Почему монахинь-бунтовщиц не отправляли ни на Анзер, ни на Секирку – было непонятно.

После ухода начальника лагеря мы, врачи, задали об этом вопрос начальнику санчасти, тоже врачу, который, после отбытия срока в лагере за какое-то уголовное преступление, остался «вольнонаемным» и занимал административные должности, возглавляя санитарную часть лагеря.

Он объяснил нам, что с монахинями «дело сложное», ибо их молчаливый и сдержанный протест совершенно не похож на протест, который иногда позволяли себе уголовные преступники.

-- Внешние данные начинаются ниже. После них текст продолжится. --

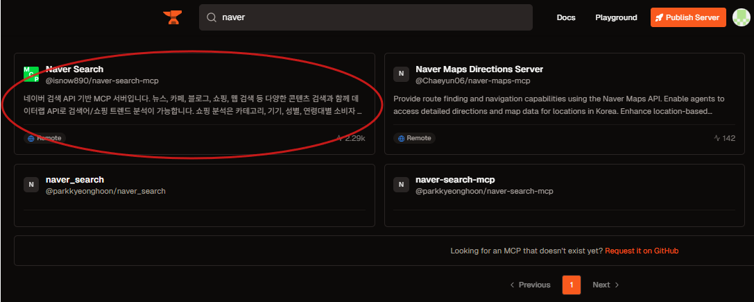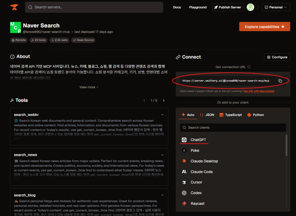 이 플랫폼에서는 여러 사용자가 만든 공개 MCP 서버를 손쉽게 탐색하고 사용할 수 있습니다. 그중에서 원하는 MCP를 선택해 바로 ChatGPT와 연동할 수 있습니다. 이번 글에서는 네이버 검색 API를 기반으로 한 MCP 서버를 예시로 사용하겠습니다.
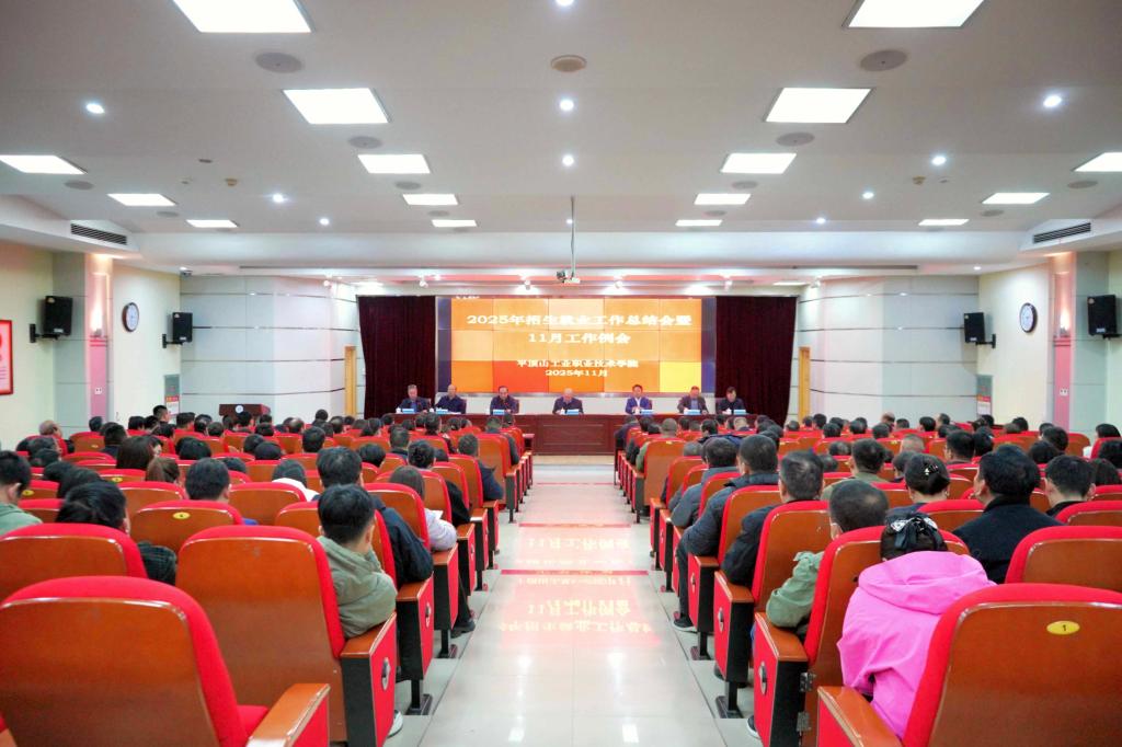11月28日下午,学校在图书馆报告厅召开2025年招生就业工作总结会暨11月工作例会,校党委书记毕晓阳出席并提出要求,校长李树伟出席并总结部署工作,校领导张立方、刘怀珍、杜卫新、杨立峰出席,副科级以上干部、招生就业受表彰人员、各县区招生负责人、教学单位教研室主任参加。校党委常务副书记、工会主席刘翱翔主持。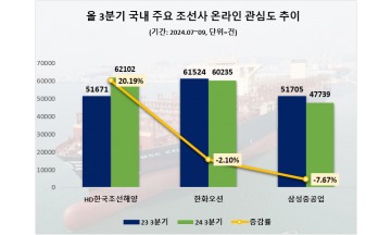 "디지털 기술 도입" HD한국조선해양, 3분기 관심도 1위…한화오션·삼성중공업 순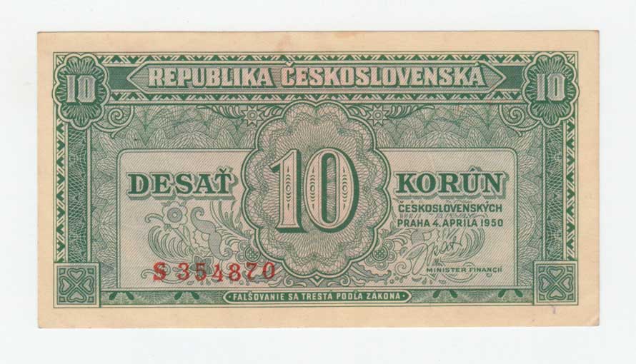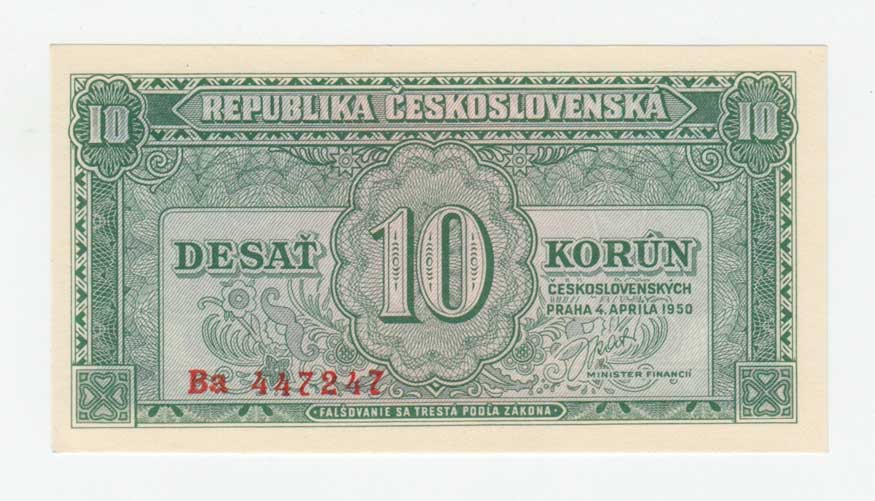 | 3256. | 10 Koruna 1950, série Za, BHK.84b, He.92b, "neperf." | 1+ | 40,- | 40,- |

Последние обыкновенно устраивали скандал, кричали, хулиганили. А эти – молчаливые, простые, смирные и необыкновенно кроткие. Ни одного крика, ни одного слова жалобы.

– Они фанатичные мученицы, словно ищущие страданий, – рассказывал начальник санчасти. – Это какие-то психопатки-мазохистки. Но их становится невыносимо жалко... Я не смог видеть их смирения и кротости, с какими они переносят «воздействия»... Да и не я один... Владимир Егорович (начальник лагеря) тоже не смог этого перенести. Он даже поссорился с начальником ИСО (информационно-следственный отдел)... И вот он хочет как-нибудь смягчить и уладить это дело. Если вы их признаете негодными к физическому труду – они будут оставлены в покое.

– Я прошу меня освободить от этой комиссии, – сказал профессор Жижиленко. – Я сам монах и женщин, да еще монахинь, осматривать не хотел бы...

Профессор Жижиленко от этой комиссии был освобожден, и я один отправился свидетельствовать этих монахинь.

Когда я вошел в барак, где они были собраны, я увидел чрезвычайно степенных женщин, спокойных и выдержанных, в старых, изношенных, заплатанных, но чистых черных монашеских одеяниях.

Их было около 30 человек. Все они были похожи одна на другую и по возрасту всем можно было дать то, что называется «вечные 30 лет», хотя, несомненно, здесь были и моложе и старше. Все они были словно на подбор, красивые русские женщины, с умеренной грациозной полнотой, крепко и гармонично сложенные, чистые и здоровые, подобно белым грибам-боровикам, не тронутым никакой чревоточиной. Во всех лицах их было нечто от выражения лика скорбящей Богоматери, и эта скорбь была такой возвышенной, такой сдержанной и как бы стыдливой, что совершенно невольно вспомнились стихи Тютчева об осенних страданиях бесстрастной природы, сравниваемых со страданиями глубоко возвышенных человеческих душ.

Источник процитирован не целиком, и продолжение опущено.